I have an audio signal which contains the combination of different western music notes(I know this combination in advance) and I want to identify the sequence of the music notes present in it. For this, I am following the below steps:
- Firstly, I am identifying all the dominant frequencies present in that signal using PredominantPitchMelodia algorithm of essentia library of python.
- The output of this algorithm provides me the vector array of dominant frequencies.
- Now, I want to distinguish between different music notes present in the signal with the help of this vector array of frequencies.
- This array of frequencies also contains noise from the environment, which I don’t want to remove.
The above figure shows the combination of 8 notes which I need to differentiate.

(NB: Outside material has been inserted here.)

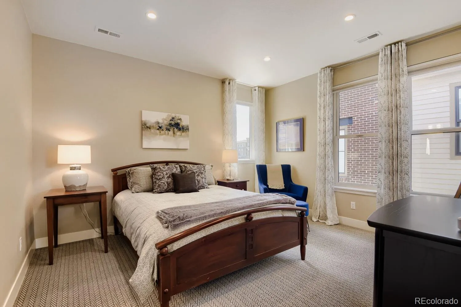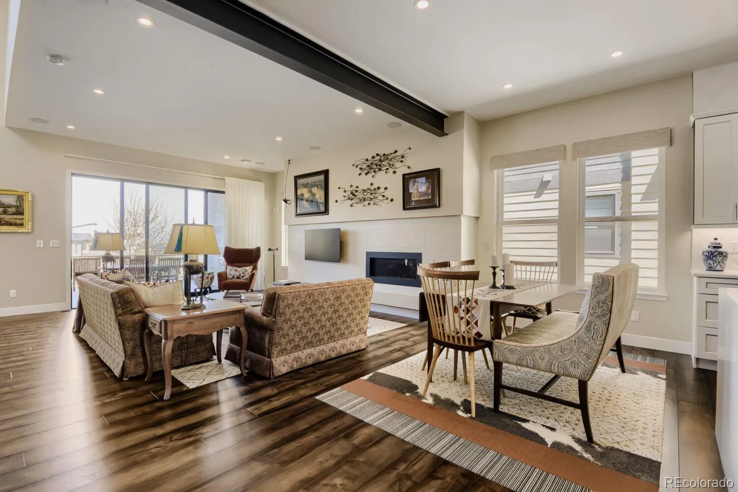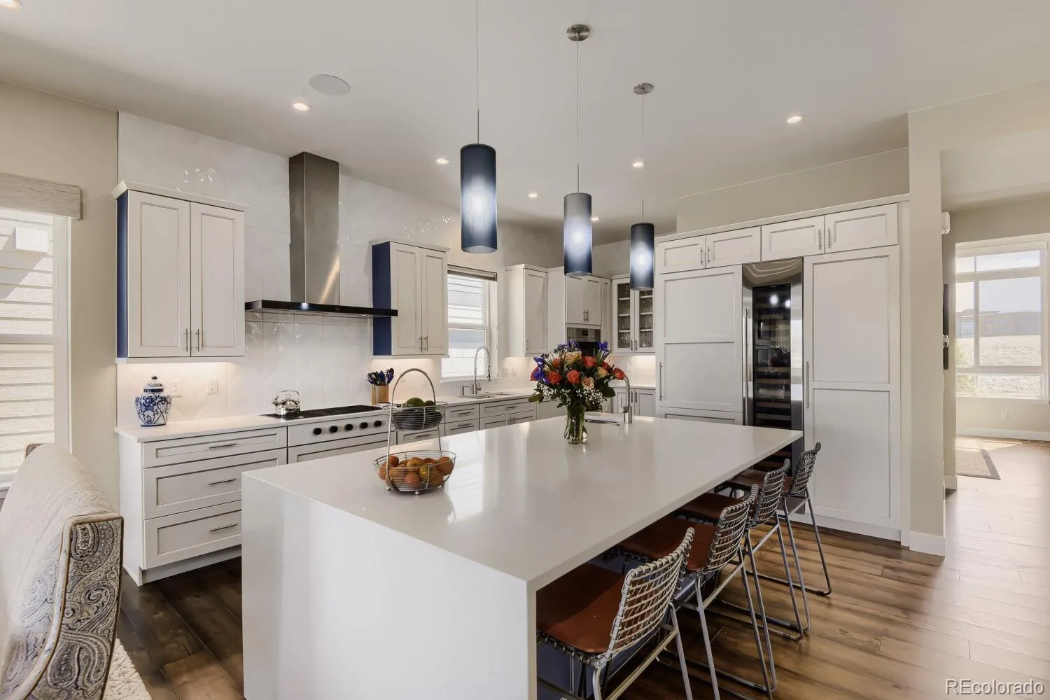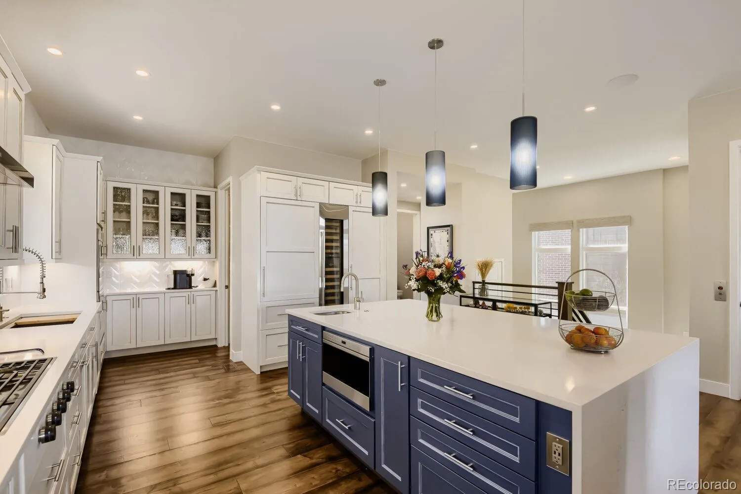 Experience elevated living in the highly sought-after Ridgegate community on Bellwether Lane. This exceptional 3-story home offers a rare blend of luxury, functionality, and design, complete with a private elevator servicing all levels. Thoughtfully crafted with engineered maple flooring, soaring 10’ ceilings, and high-end finishes throughout, every detail has been carefully considered. The heart of the home is the stunning main level, where an open-concept layout seamlessly connects the kitchen, dining, and great room. The chef’s kitchen impresses with a quartz waterfall island, Sub-Zero/Wolf appliances, full column refrigerator and freezer, wine cooler, abundant cabinetry, and a spacious walk-in pantry. The great room features a sleek ceramic tile gas fireplace, dry bar, and expansive sliding doors opening to the deck, perfect for indoor-outdoor living. A showstopping office with 13’ ceilings, built-ins, and a crystal chandelier completes the main floor. Upstairs, the luxurious primary suite offers a private balcony with panoramic Rocky Mountain views, a spa-inspired 5-piece bath with soaking tub, walk-in shower with dual shower heads, and a spacious walk-in closet with direct access to the laundry room. An additional bedroom with en-suite bath completes the upper level. The lower level provides a versatile bedroom or flex space with access to a covered patio. Additional highlights include Robern LED Bluetooth mirrors, smart home features, whole-home security, turf landscaping for low maintenance, and a 3-car tandem garage with climate-controlled storage. Ideally located just steps from parks, trails, Lone Tree Rec Center, library, and shopping, this is refined Colorado living at its best.
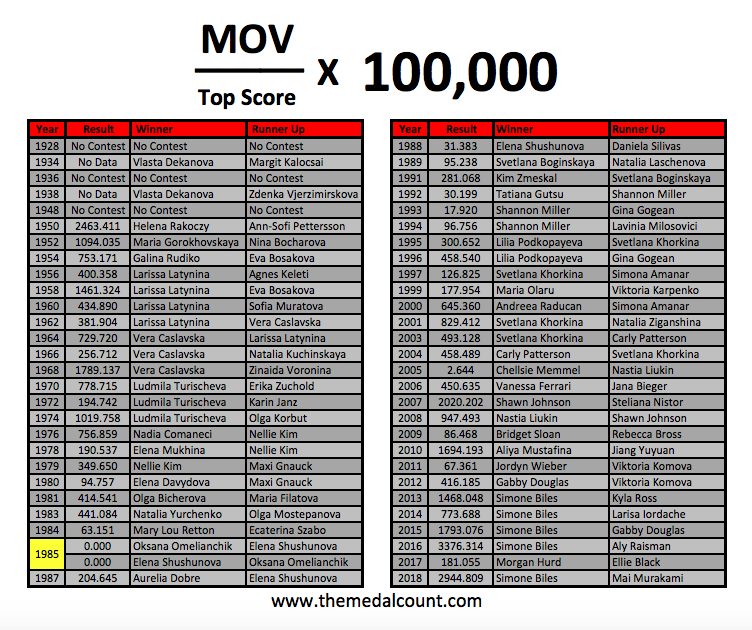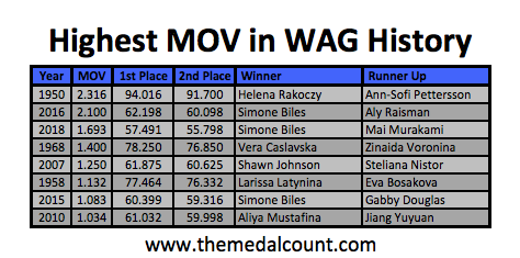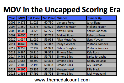 Link: A List of the Margin of Victory For Every Gymnastics Competition

Following are the methods I tried:
- I tried to identify the sequence using k-means clustering method. But k-means clustering is not suitable for time series signal. The main drawback of using k-means is that when we do clustering, the noise frequency present in one note might lie in the frequency cluster of other note. So instead of considering it as noise, the algorithm considers it in the cluster of previous note.
- I am also thinking to implement moving average but again I am doubtful that it might alter my data and the result might not be that accurate.
- I also thought of creating an adaptive window which could shift in time and do clustering frame by frame. No idea how to implement this adaptive window and whether it is a good method or not. Again for adaptive window, I should know the window size in prior. And if I could guess the window size to form cluster for one note then I actually don’t need to cluster anymore because I already have the boundary points.
- To find the boundary points, maybe segmentation could be useful which is used to detect silence in audio signals but my data need not contain silence between two notes. And again segmentation might require training data(supervised learning)
Please help me to figure out the solution for this problem.